I largely follow the semantics I first laid out in #2 where each dimension can be compressed as:

S, "sparse": like COO; indices are "aligned" to the following dimension indices or values.
- Uses: indices_i
C, "compressed sparse": like CSR; fast looking by index into pointers to the next dimension.
- Uses: pointers_i
DC, "doubly compressed sparse": like DCSR; store unique index values and pointers to the next dimension.
- Uses: pointers_i, indices_i

I really like using S, C, and DC (optionally separated by hyphens) for dimension compression type. Why? Because it lets us call CSR, CSC, DCSR, and DCSC by the same names! This naming convention also gives us SSR and SSC for COO structures that are lexicographically sorted by dimensions (0, 1) and (1, 0) respectively.

I hope the diagrams in the notebook will help y'all understand how N-dimensional sparse array compression works. I know I found it enlightening. Please let me know if you have any questions or suggestions. The code for generating the diagrams is kind of wild (please report any bugs), but we have good control over it, and I think the result is fairly compact and clean.

I think my next step will be to start writing prose in markdown files to give us a base to build upon and revise as needed.

…different structures

eriknw · 2022-08-29T03:30:57Z

Should I succumb and use the word "tensor" instead of rank N array, multidimensional array, N-D array, N-way array, or order-N array? Tensor is a loaded word that means lots of different things and is very context-dependent, but it is the jargon that is typically used by researchers.

eriknw · 2022-08-29T03:37:01Z

For easier reading, here's a link to the design document in this PR:

https://github.com/eriknw/binsparse-specification/blob/spz/design_docs/01_rankN_arrays.md

Please post comment inline in this PR though.

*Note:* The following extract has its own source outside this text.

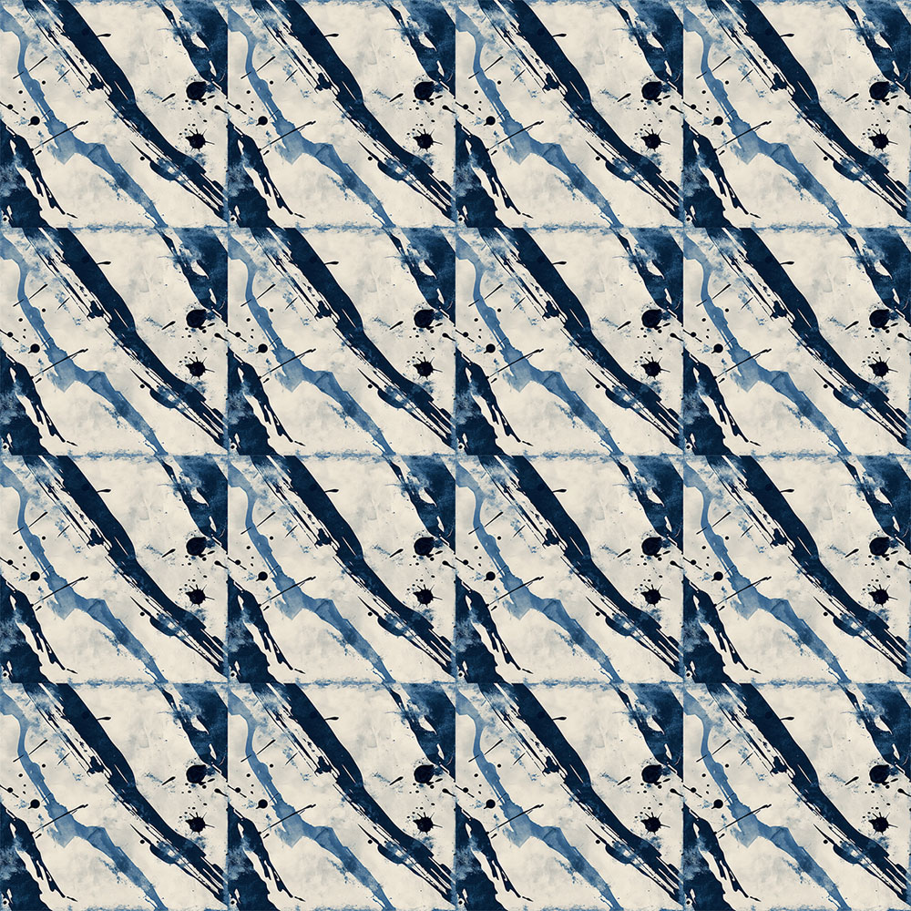 Available individually (one 48×48 cm sheet of wallpaper) or in a box of 16 sheets of wallpaper Unique artistic rendering, inspired by Japanese cyanotypes and shibori Easy to hang or frame.

eriknw · 2022-08-29T17:33:19Z

@Wimmerer pointed out a paper from TACO compiler that supports more compression formats:

http://tensor-compiler.org/files/chou-oopsla18-taco-formats.pdf

Like MLIR: dense, compressed, singleton
New formats: range, offset, hashed

This supports DIA-style compression among others. I'm happy to punt on these for now.

rayegun · 2022-08-29T19:55:56Z

I believe the TACO compiler also punts on these right now, development on those was done in a branch that wasn't merged into the core AFAIK.

BenBrock · 2022-08-30T23:10:08Z

This is super cool. I'm going to go ahead and merge in your current status so that it shows up by default in the repo.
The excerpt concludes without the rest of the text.